I am checking on feasibility of giving an application as ASIC. I am a novice in this area.

My application does the following

1.Correct the uneven lighting in an image
2.stitch two images

What are the important parameters to be taken when considering an ASIC?

Thankyou
swetha
 

Re: TO be ASIC or not

That is a very broad question. The first question is to know how many of these chips do you want? One? A dozen? Fifty million?

Designing an ASIC will give you the cheapest chip to manufacture (small), the most flexible packaging options, the lowest power and the highest speed. It will also cost you a *lot* of money to design and to fabricate the masks. And you better get it perfectly right the first time, because changes are really difficult and expensive. Do not choose the ASIC route unless your market volume is high.

For low-volume designs you should use an FPGA (field programmable gate array).
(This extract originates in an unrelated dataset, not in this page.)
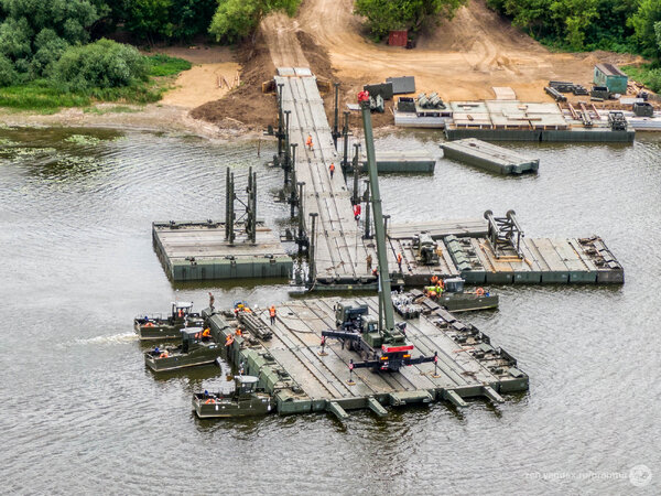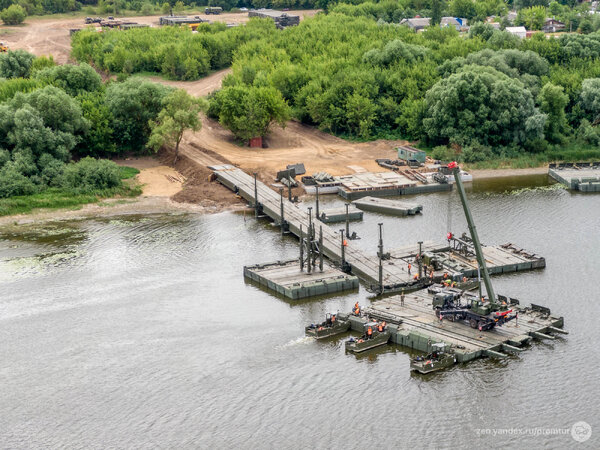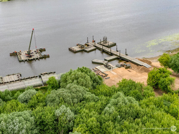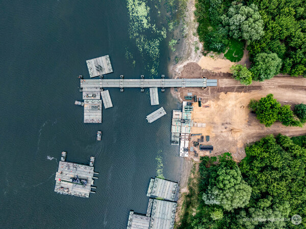Хочу поделиться своими наблюдениями за тем, как военные строители возводят понтонную переправу через реку неподалёку от моей дачи. Заметил эту активность сравнительно недавно, к сожалению, бываю там нечасто.

These are completely standard parts (e.g.: from Xilinx, Altera, ...)that you can configure to do what you want by loading a sogtware configuration. You can change the 'operating instructions' as many times as you want. It can definitely be programmed to do what you want. That's the right choice for low-to-medium volume.

A very general answer to a very general question
 

Re: TO be ASIC or not

Thankyou. I am sorry for the generalized question,i do not know the process of designing an ASIC.
 

Re: TO be ASIC or not

If you are not experienced in ASIC design you should contact an ASIC design company to help you through the process. They offer tools, relationships and expertise that you will need to get it done.

The design process, in broad strokes, is as follows:

1. Write a specification that defines what the chip is suposed to do. Try to include example input files and desired outputs. The spec should also cover things like desired packaging with its pin configuration, what power supply will be used, etc.

2. Write an executable description of the chip behavior. This is usually in an RTL (register transfer level) language like Verilog or VHDL. Sometimes a higher level model of the chip is constructed first using C, C++ or System-C. But eventually you end up with an RTL description.

3. Perform functional simulation of the RTL to verify if it does what you want it to do.

4. Synthesize the RTL description to a gate level dscription that targets a particular foundry's library (e.g.: use Synopsys' Design Compiler tool or similar).

5. Implement the physical design of the chip with an automated place & route tool (e.g.: from Cadence, Synopsys, Magma or Mentor Graphics)

6. Perform physical verification to check that the chip layout matches what you wanted and meets all physical design rules.

7. Send the final layout and some test vectors to the fabrication partner to make, test and package some prototype chips.

8. Test the physical prototypes to verify they work. If they work you can go straight to volume production. If they don't, you will have to correct the error and make some more prototypes.